| HOW TO COMPLETE THIS TASK |
Your answer must be only the lines below from the one containing "아래의 책장 설치 과정" through the one containing "Entrée - cuisine", copied exactly, with the pictures left out.

| MATERIAL PROVIDED |

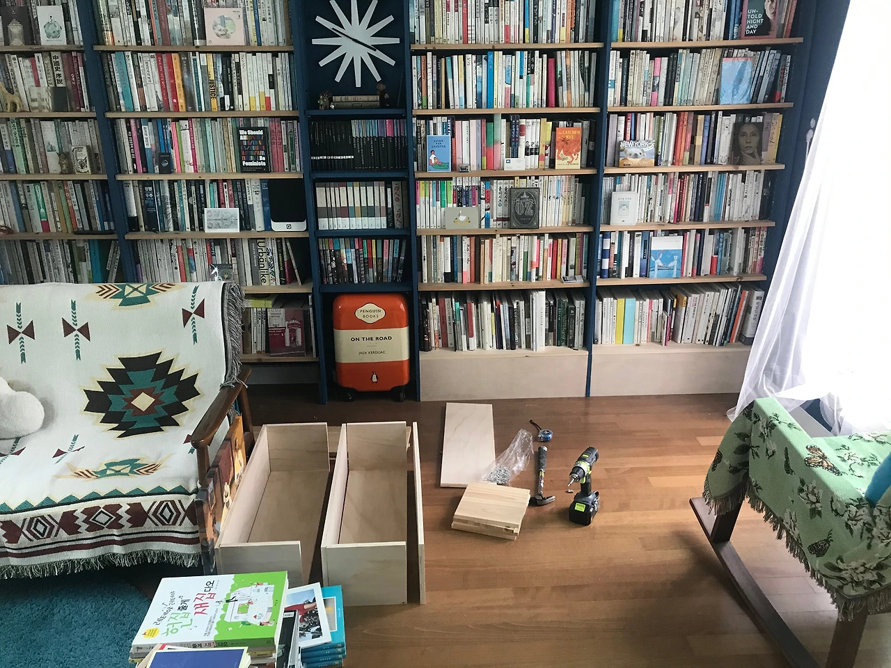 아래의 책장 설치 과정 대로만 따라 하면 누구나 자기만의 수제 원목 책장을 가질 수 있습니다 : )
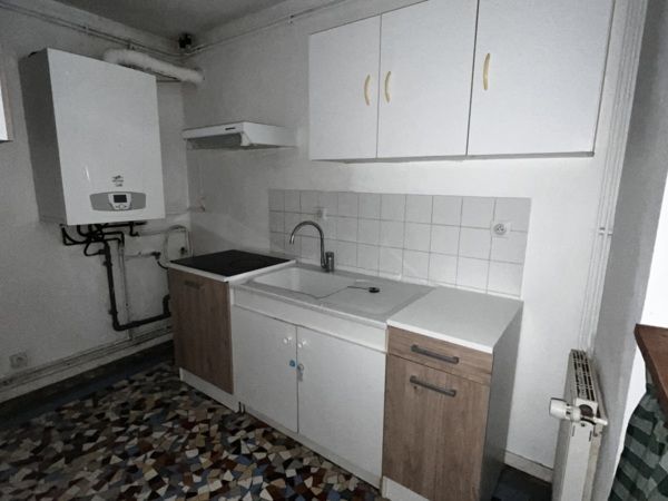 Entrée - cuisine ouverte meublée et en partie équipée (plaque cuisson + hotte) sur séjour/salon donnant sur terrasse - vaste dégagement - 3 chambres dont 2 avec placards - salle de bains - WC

==

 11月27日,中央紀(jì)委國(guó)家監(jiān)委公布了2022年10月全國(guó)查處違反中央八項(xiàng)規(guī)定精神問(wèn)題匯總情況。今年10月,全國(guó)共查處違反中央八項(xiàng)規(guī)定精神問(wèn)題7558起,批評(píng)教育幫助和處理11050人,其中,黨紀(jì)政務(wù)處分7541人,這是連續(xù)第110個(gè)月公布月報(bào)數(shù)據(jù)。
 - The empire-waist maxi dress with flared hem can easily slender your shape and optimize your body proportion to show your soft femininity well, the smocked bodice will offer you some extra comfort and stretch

==

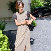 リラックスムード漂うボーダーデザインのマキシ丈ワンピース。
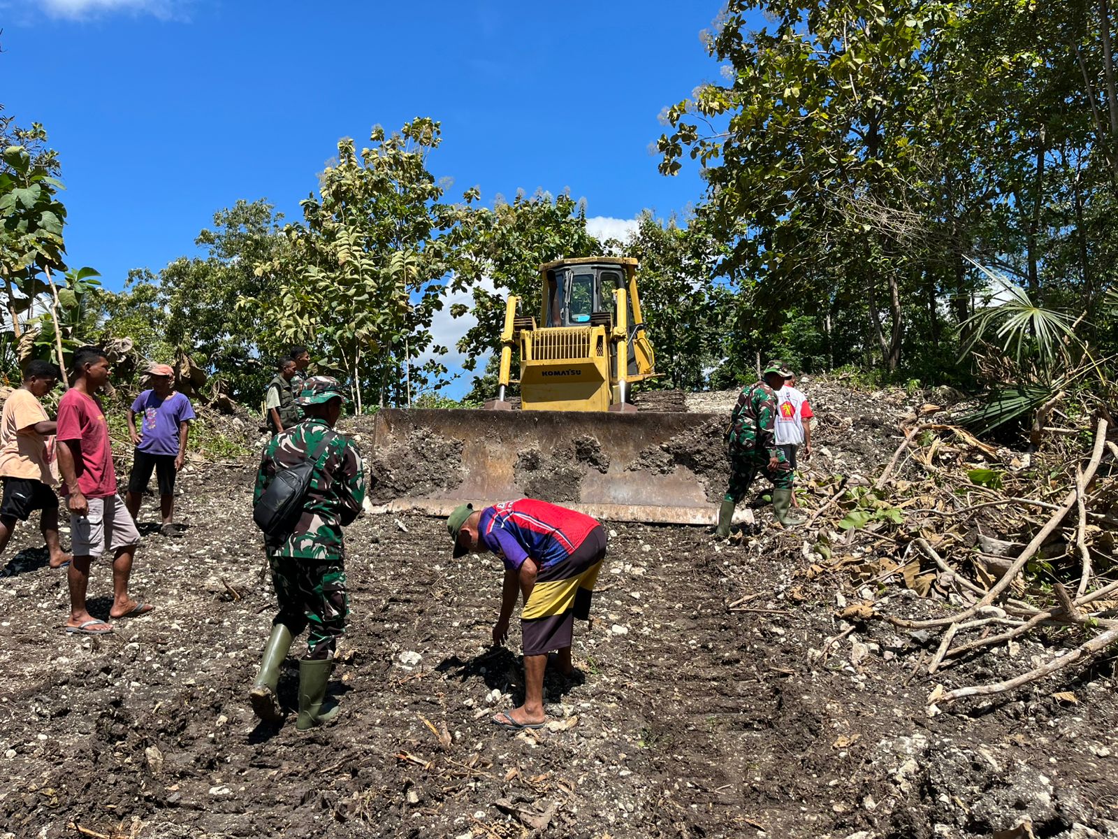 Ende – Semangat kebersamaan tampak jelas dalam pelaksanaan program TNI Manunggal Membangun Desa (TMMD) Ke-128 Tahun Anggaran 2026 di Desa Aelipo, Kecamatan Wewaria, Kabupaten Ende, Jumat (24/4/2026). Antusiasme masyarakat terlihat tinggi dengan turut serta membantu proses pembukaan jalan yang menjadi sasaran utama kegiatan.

| PROBLEM SOLUTION |
 아래의 책장 설치 과정 대로만 따라 하면 누구나 자기만의 수제 원목 책장을 가질 수 있습니다 : )
 Entrée - cuisine ouverte meublée et en partie équipée (plaque cuisson + hotte) sur séjour/salon donnant sur terrasse - vaste dégagement - 3 chambres dont 2 avec placards - salle de bains - WC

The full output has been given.